> **DIRECTIONS**: Return the data exactly, apart from leaving out the pictures.

> **COLLECTED MATERIAL**:
########

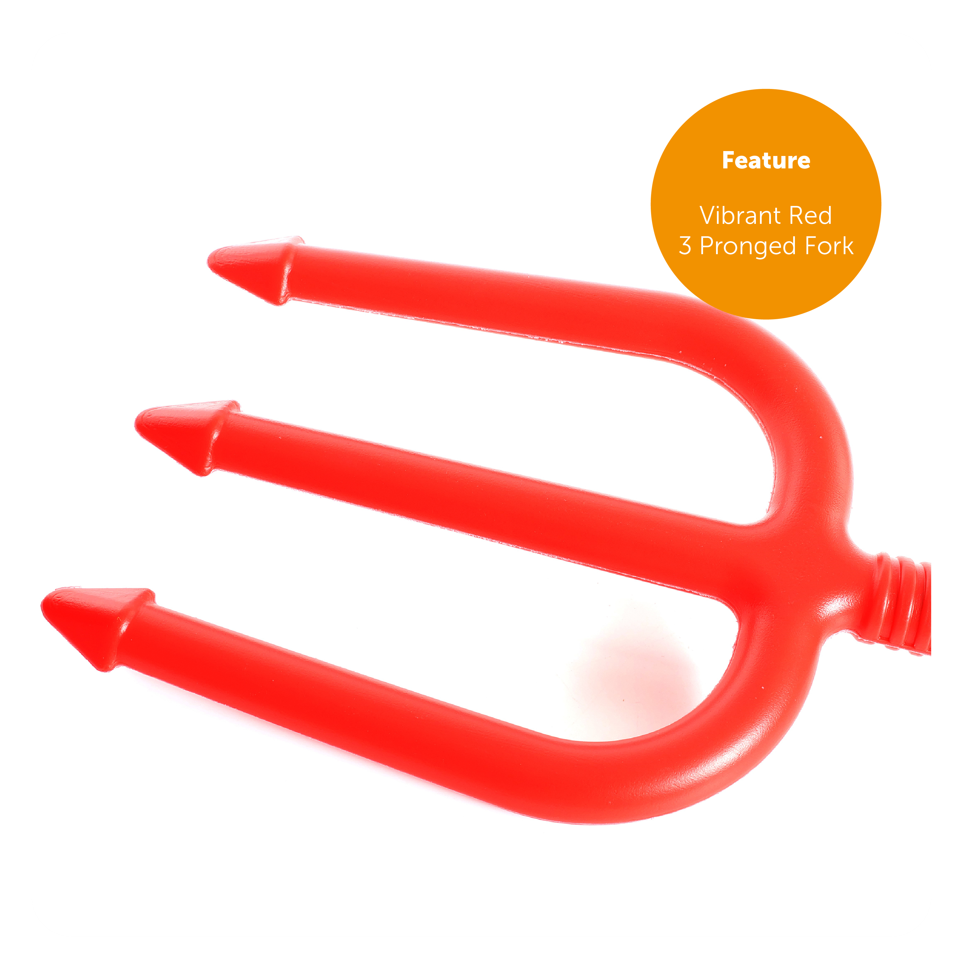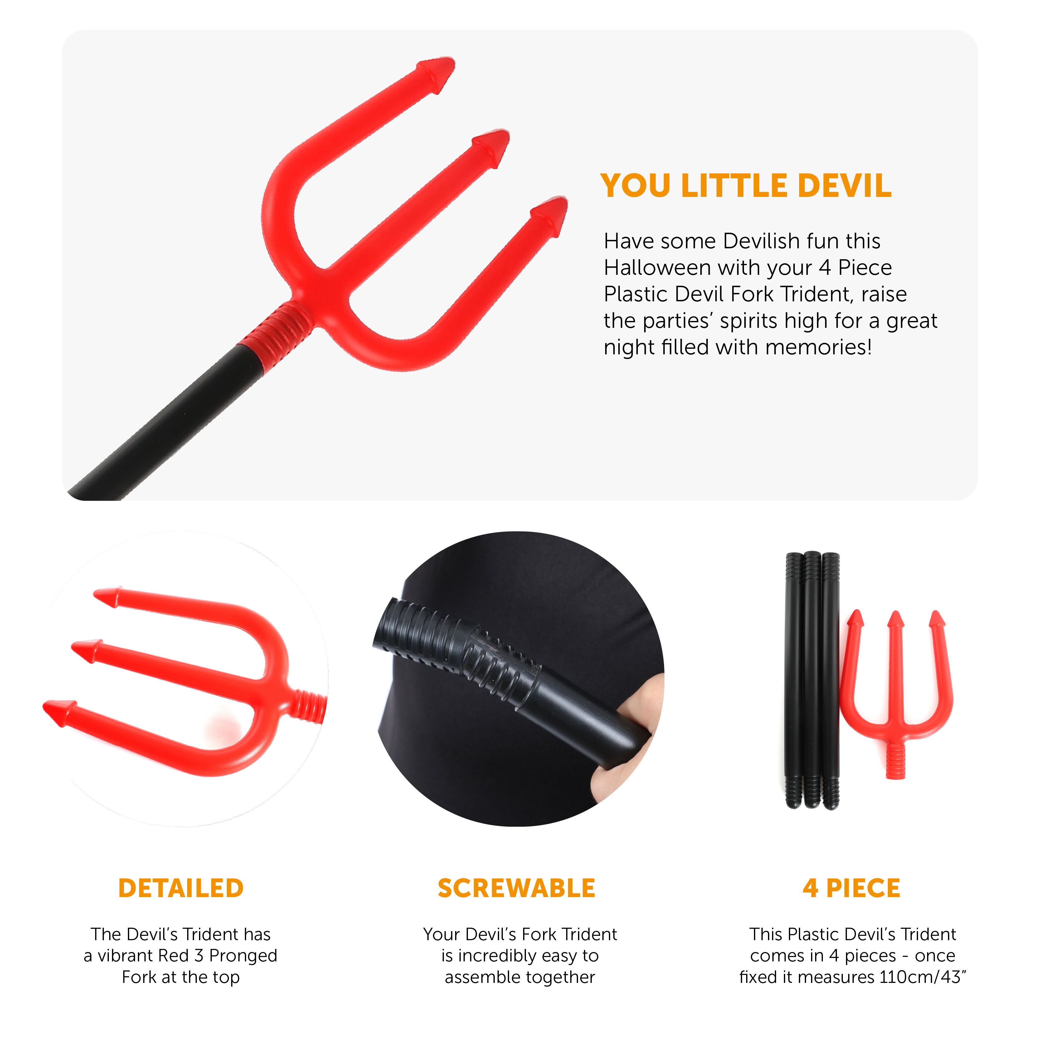 FORK DETAILS: A 4 Piece Devil's Trident with a screwable black plastic handle and a Red, three-pronged Fork at the end, the perfect accessory to act Devilish all night long!
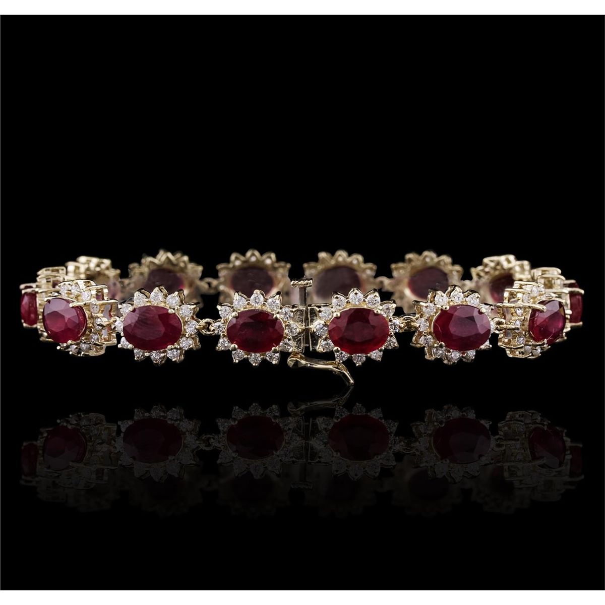 One electronically tested 14KT yellow gold ladies combination cast & assembled bracelet with a hidden box clasp with a bright polish finish. Condition is new. Identified with markings of "14K". Containing: Thirteen prong set oval modified brilliant cut natural rubies, measuring 8.00 x 6.00 x 4.20mm, approximate. Total Weight of 21.45ct., clarity is heavily included, type II, medium dark, moderately strong, strongly purplish red color, (GIA stpR 6/4), cut is good. One Hundred Sixty-Eight prong set round brilliant cut diamonds, measuring 1.50 - 1.50 x 0.90mm (depth est.) approximate. Total Weight of 168 Stones = 2.07ct. Clarity: I-1 to I-2. Color: J - K, Cut is Good. Colored gemstones are presumed to have been subjected to commonly used enhancement processes. All diamonds and colored gemstones are graded in the mounting, unless otherwise stated. Total Weight of Colored Stones 21.45ct. Total Weight of Diamonds 2.07ct. Total Weight of Bracelet 23.50 grams. GGL Appraised at $17,100.00.
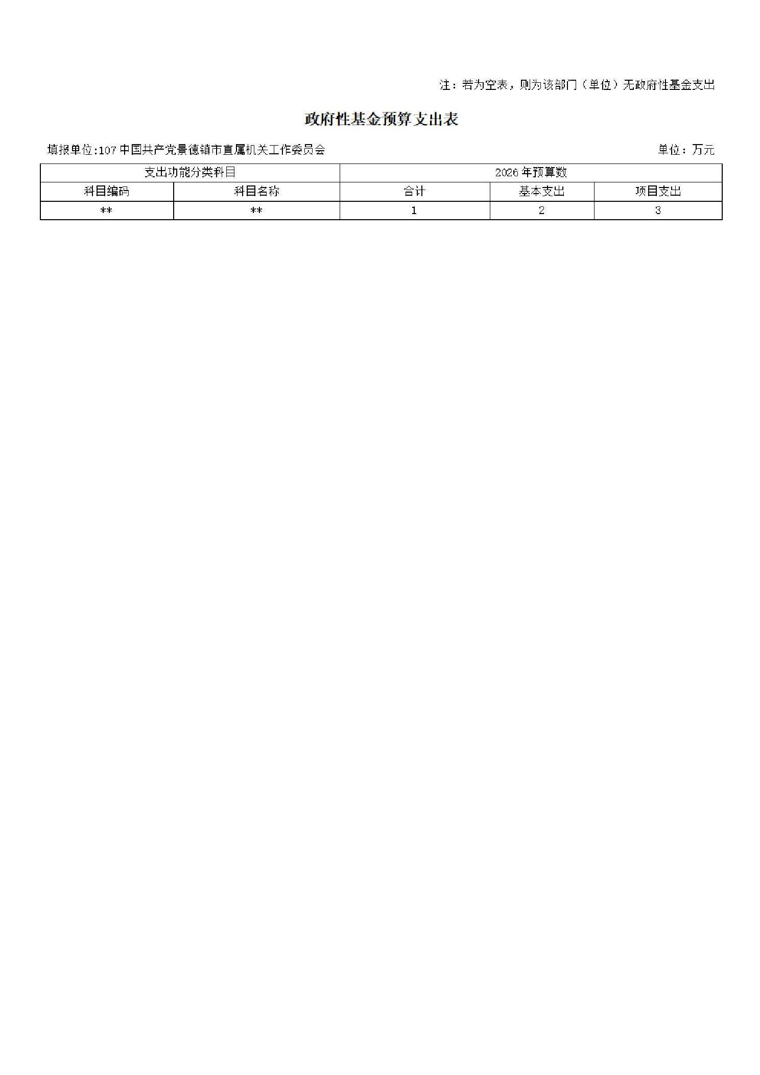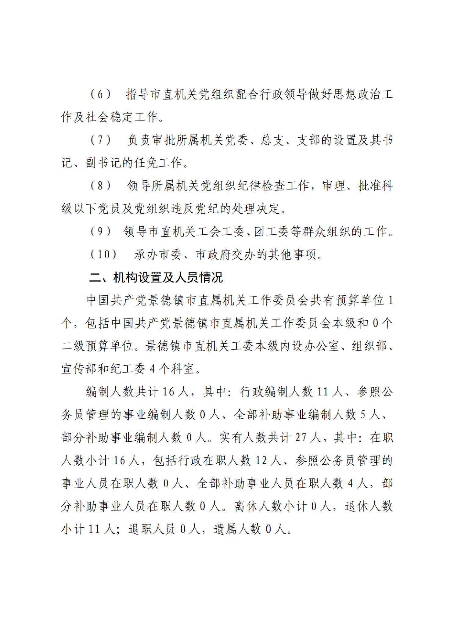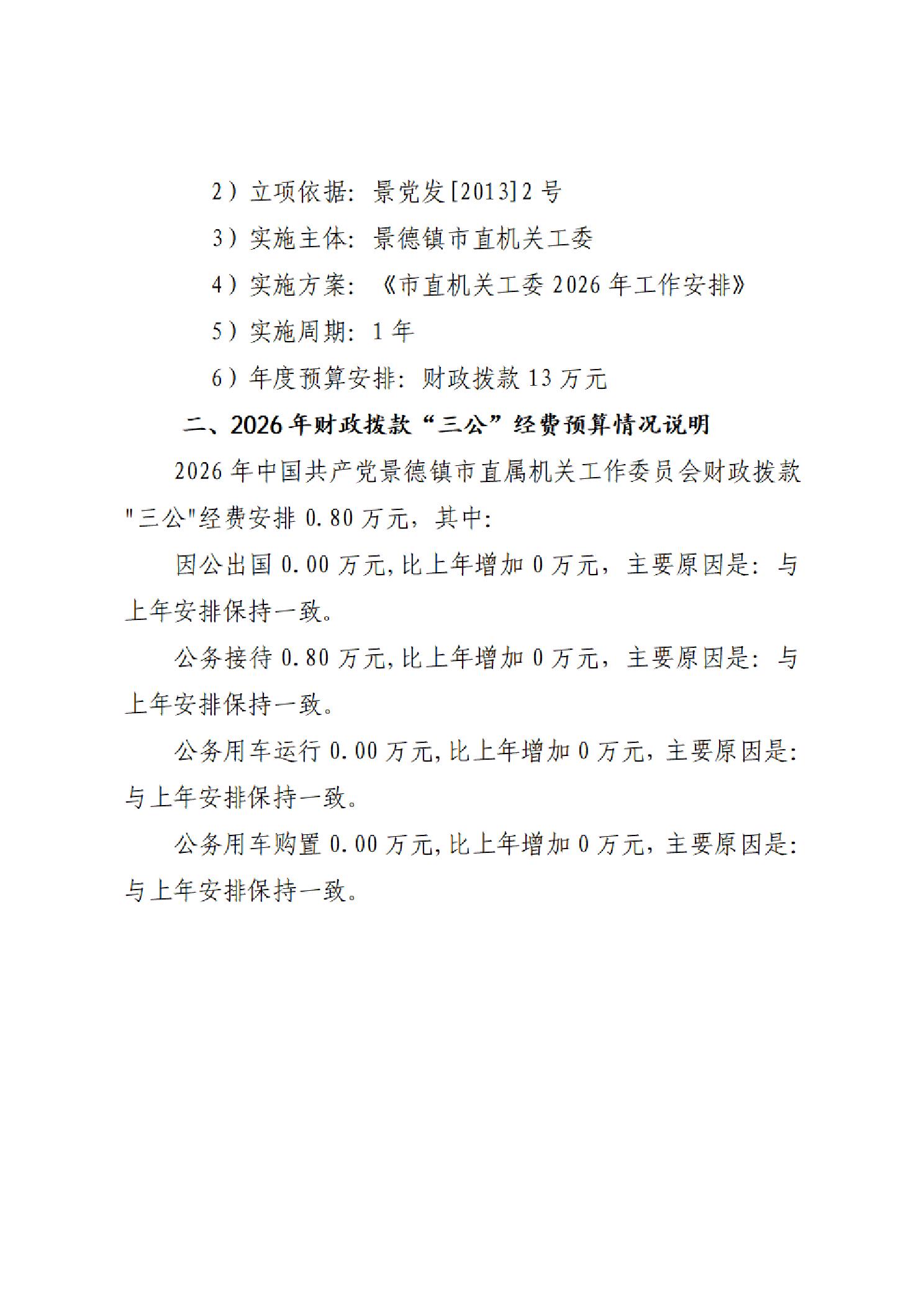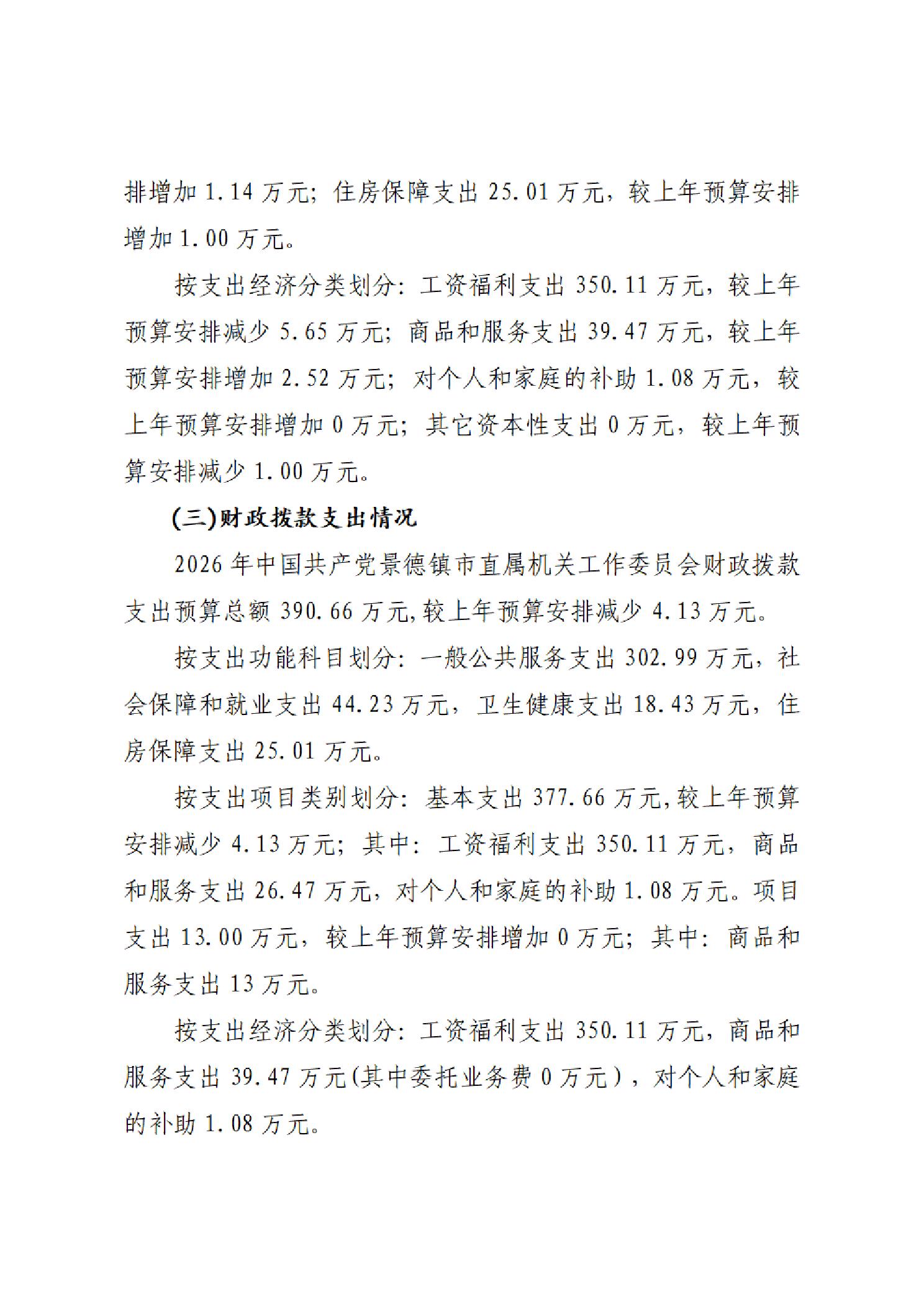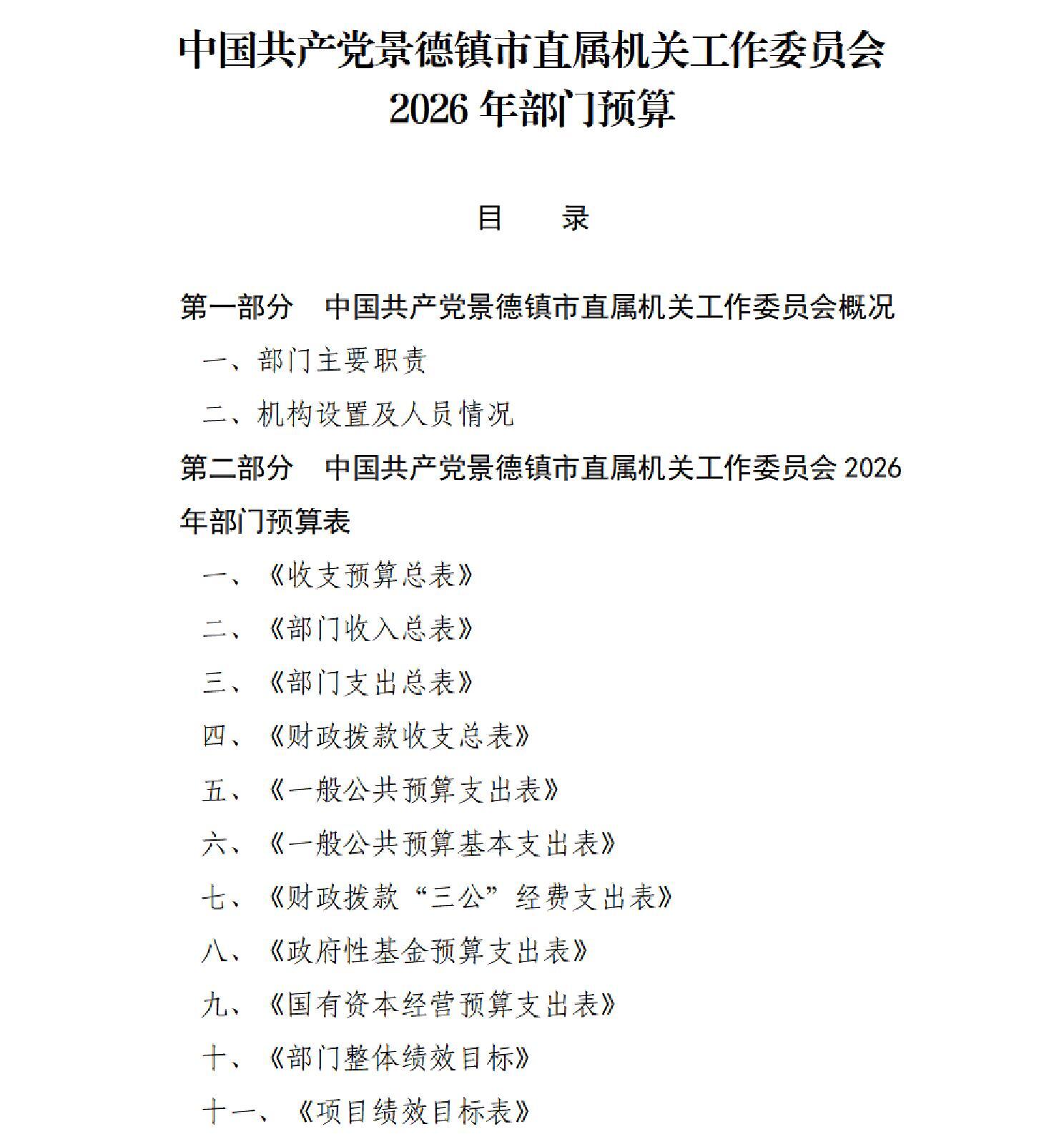中国共产党景德镇市直属机关工作委员会2026年部门预算

########

> **THE ANSWER**:
 FORK DETAILS: A 4 Piece Devil's Trident with a screwable black plastic handle and a Red, three-pronged Fork at the end, the perfect accessory to act Devilish all night long!
 One electronically tested 14KT yellow gold ladies combination cast & assembled bracelet with a hidden box clasp with a bright polish finish. Condition is new. Identified with markings of "14K". Containing: Thirteen prong set oval modified brilliant cut natural rubies, measuring 8.00 x 6.00 x 4.20mm, approximate. Total Weight of 21.45ct., clarity is heavily included, type II, medium dark, moderately strong, strongly purplish red color, (GIA stpR 6/4), cut is good. One Hundred Sixty-Eight prong set round brilliant cut diamonds, measuring 1.50 - 1.50 x 0.90mm (depth est.) approximate. Total Weight of 168 Stones = 2.07ct. Clarity: I-1 to I-2. Color: J - K, Cut is Good. Colored gemstones are presumed to have been subjected to commonly used enhancement processes. All diamonds and colored gemstones are graded in the mounting, unless otherwise stated. Total Weight of Colored Stones 21.45ct. Total Weight of Diamonds 2.07ct. Total Weight of Bracelet 23.50 grams. GGL Appraised at $17,100.00.
中国共产党景德镇市直属机关工作委员会2026年部门预算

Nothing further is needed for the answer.